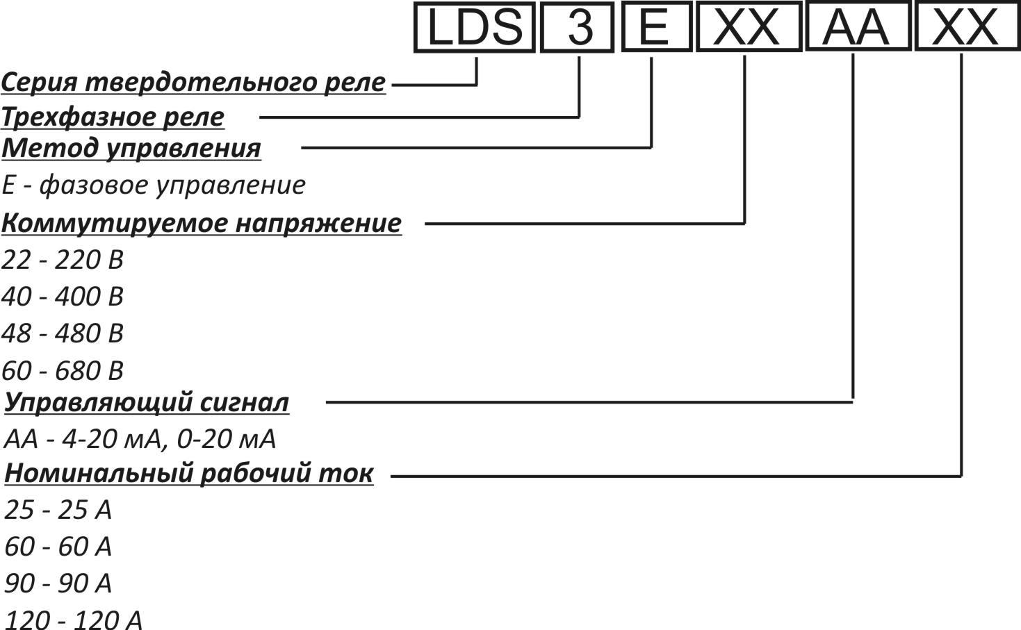 La désignation est écrite comme SSR -40 D A H. SSR ou TSR indique le nombre de phases. 40 - charge en Ampères. La lettre désigne le signal à l'entrée (L 4-20 mA, D - 3-32 V en courant continu, V - résistance variable, A - 80-250 V en courant alternatif). La lettre suivante est la tension d'entrée (A - AC, D - DC). La dernière lettre est la plage de tension de sortie (N - 90-480 V, aucune lettre - 24-380 V).
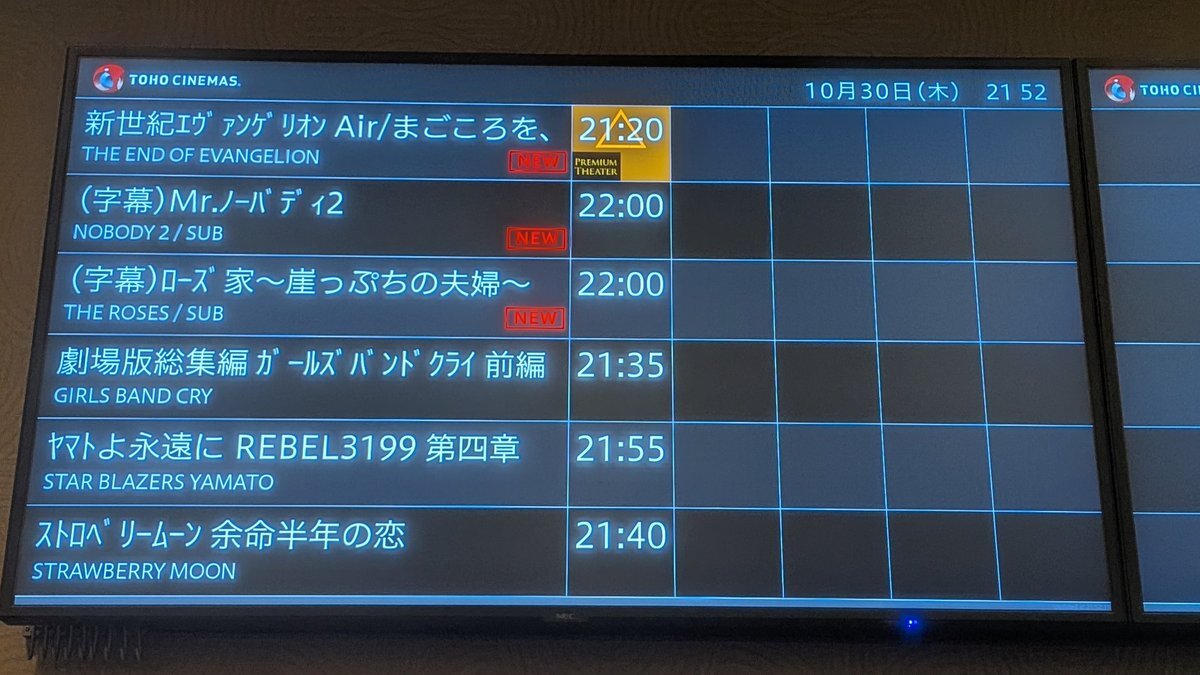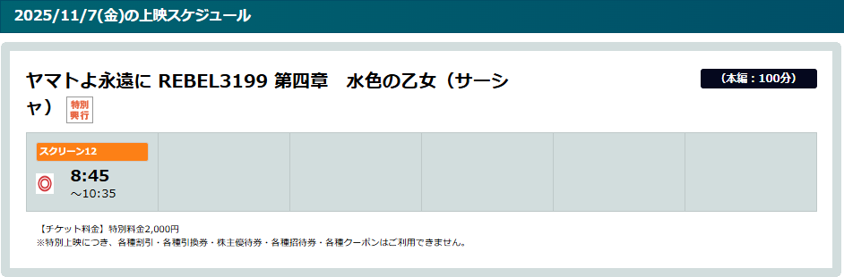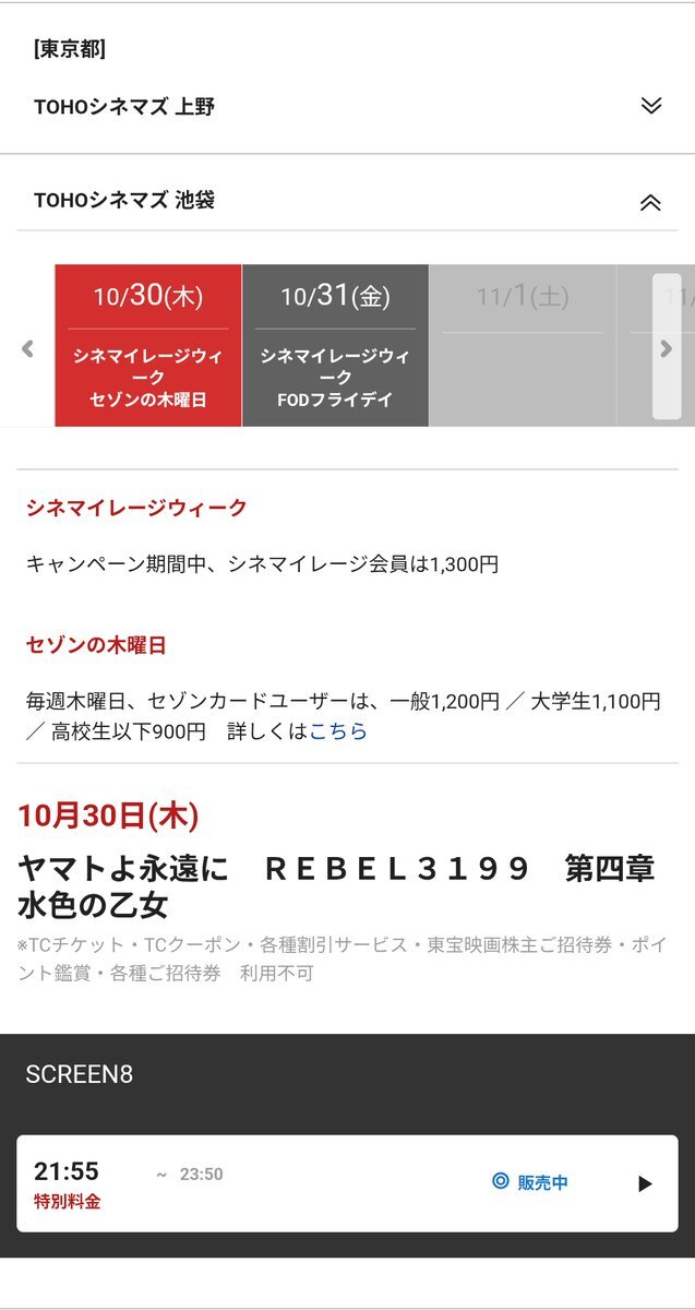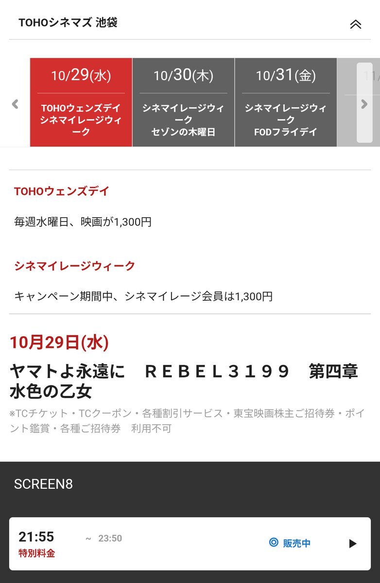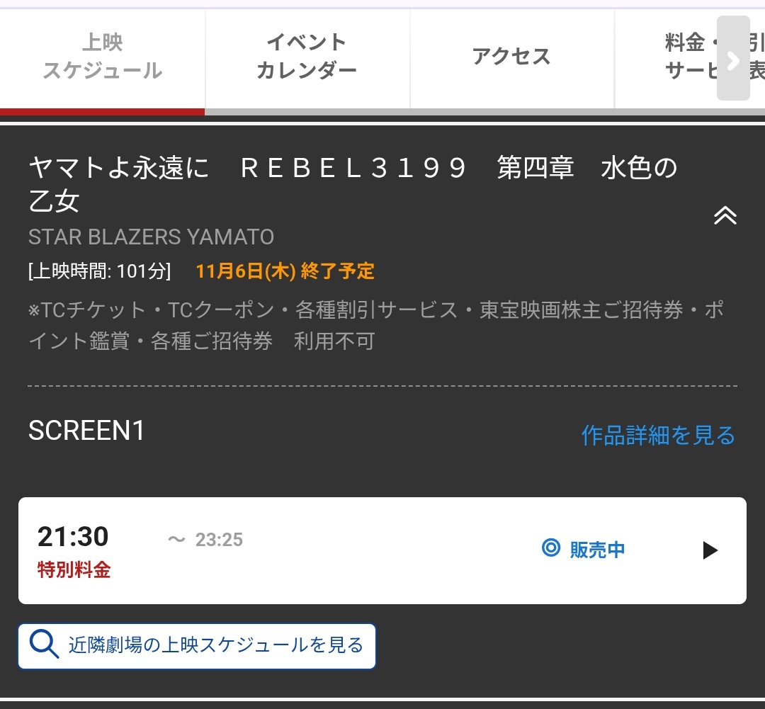TOHOシネマズ池袋のSCREEN8で 『ヤマトよ永遠に REBEL3199』第四章 水色の乙女 第3週7日目の21:55-23:50の回を鑑賞。 TOHOシネマズは連休頃にヤマトの上映が無い劇場が多く、池袋は11/1-11/3にヤマト無し。 上野は10/31も無し #宇宙戦艦ヤマト #yamato3199 #TOHOシネマズ池袋 #TOHOシネマズ pic.x.com/cJHSkMCiNj
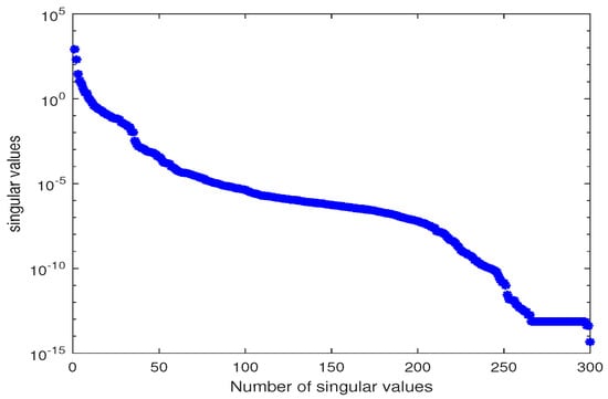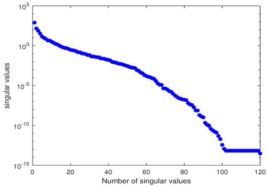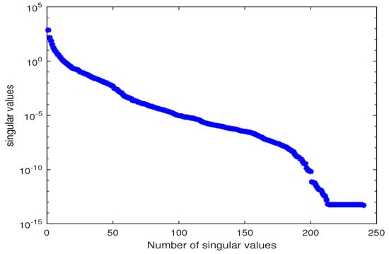 To obtain a reduced basis, one can use the eigenvalues of the correlation matrix as in [24,25]. Since the eigenvalues of C, and the singular values of X are related as , we use a singular value decomposition (SVD) to compute the singular values of X instead.
□ □ □
WHAT THIS TASK INVOLVES ▸
Exactly as written, please give again the lines from the beginning of the listing through the line containing "TOHOシネマズ池袋のSCREEN8で 『ヤマトよ永遠に REBEL3199』第四章", inclusive, without any pictures.

RESPONSE AREA ▸
 La désignation est écrite comme SSR -40 D A H. SSR ou TSR indique le nombre de phases. 40 - charge en Ampères. La lettre désigne le signal à l'entrée (L 4-20 mA, D - 3-32 V en courant continu, V - résistance variable, A - 80-250 V en courant alternatif). La lettre suivante est la tension d'entrée (A - AC, D - DC). La dernière lettre est la plage de tension de sortie (N - 90-480 V, aucune lettre - 24-380 V).
TOHOシネマズ池袋のSCREEN8で 『ヤマトよ永遠に REBEL3199』第四章 水色の乙女 第3週7日目の21:55-23:50の回を鑑賞。 TOHOシネマズは連休頃にヤマトの上映が無い劇場が多く、池袋は11/1-11/3にヤマト無し。 上野は10/31も無し #宇宙戦艦ヤマト #yamato3199 #TOHOシネマズ池袋 #TOHOシネマズ pic.x.com/cJHSkMCiNj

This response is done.